Such effect is accomplished by applying a water level sensitive
valve to the bubble separator's output. Particularly, the water
level sensitive controlled valve is adapted to cause the bubble
separator to undergo hysteresis, continuously alternately
collecting and discharging the water.
[0012] Several valve control means are capable of causing a vessel
such as the above described bubble separator to continuously
alternately fill and purge. In an all mechanical example, a
floating flap valve, such as is utilized to control the output from
a common toilet tank, may be installed to alternately overlie and
pivotally move from an output aperture within the floor of the
bubble separator, such floating flap valve being mechanically
linked to a buoy or float, the length of the linkage being
calibrated to allow the float to buoyantly open such floating flap
valve when the water level within the bubble separator reaches a
desired upper level. A preferred electro-mechanical example
comprises a float, a float carrying frame, an electric toggle
switch, a power source, and an electric solenoid valve. In such
exemplary electro-mechanical control assembly, the toggle switch is
mounted upon the inner wall of the bubble separator so that its
switch lever extends into the interior of the bubble separator, and
so that its positive and negative electric contacts are accessible
by lead wires extending through the wall of the bubble separator.
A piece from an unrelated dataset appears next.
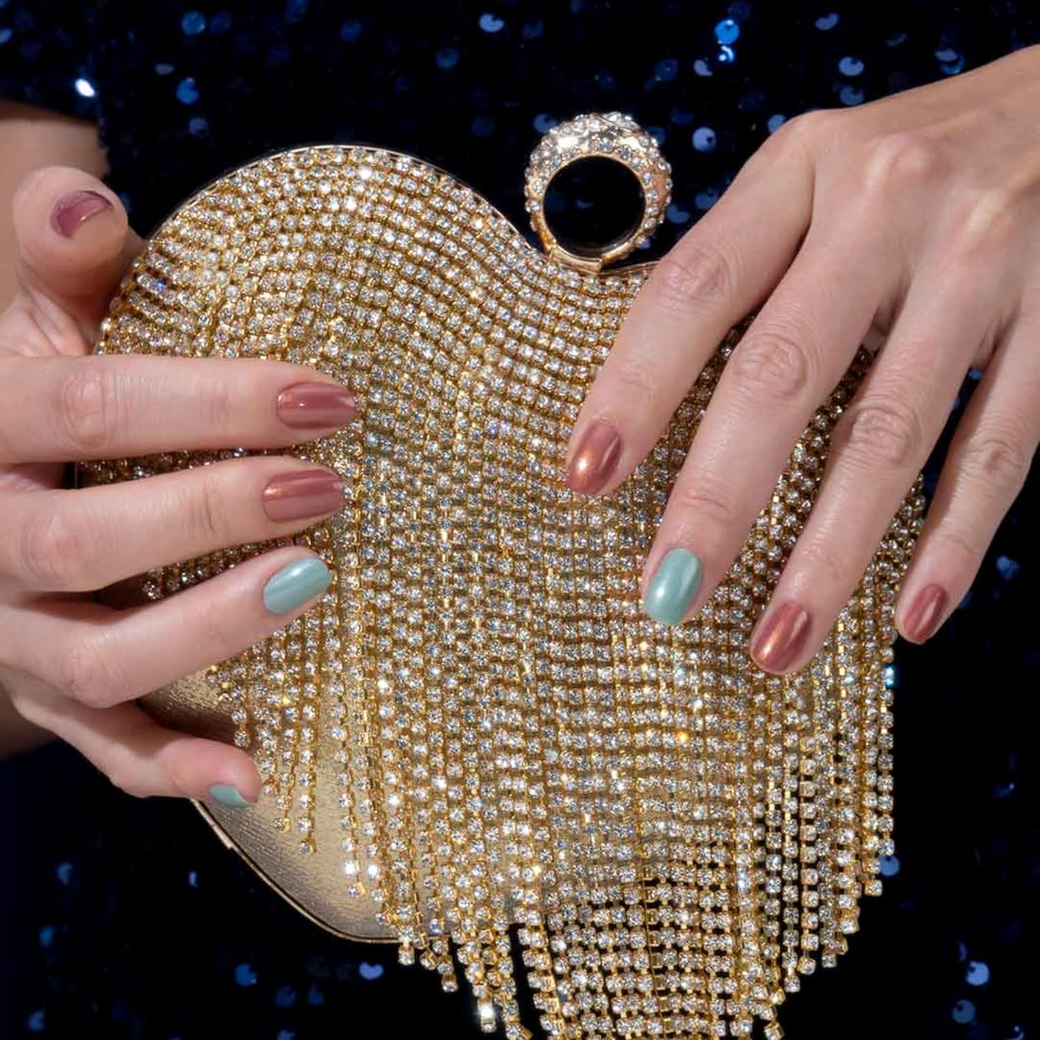 • essie gel couture multi-faceted a softened rose longwear vegan nail polish with smooth gold pearl and a shimmer finish

The float carrying frame is preferably pivotally mounted upon the
lever arm of the toggle switch. The float is preferably slidably
mounted upon the frame so that as the float buoyantly rises, the
float upwardly trips the toggle switch, and so that as the float
sinks to a lower level, the weight of the float downwardly trips
the toggle switch. Exterior to the bubble separator, the toggle
switch forms a part of an electric circuit including the electric
power source and the electric controlled valve, such valve
preferably being a solenoid valve. Alternately, such valve may be
actuated by an electric motor. Such a valve preferably has a spring
actuated normally open position. Where the solenoid valve is
normally open, the electric circuit is opened by the buoyant action
of the float upon reaching the upper end of the frame, and the
electric circuit is closed by the weight of the float upon reaching
the lower end of the frame. Numerous other means, such as an
electric water sensor controlled solenoid valve may be utilized to
cause the water within the bubble separator to continuously
alternately collect and discharge.
[0013] By continuously alternately collecting and discharging the
water within the bubble separator, ozone within the water is
allowed time to react with contaminants in a high concentration
environment.
[0014] Accordingly, it is an object of the present invention to
provide an ozone based water purification system which incorporates
in series an ozone generating apparatus, an ozone contact time
tubing segment, and a bubble separating chamber.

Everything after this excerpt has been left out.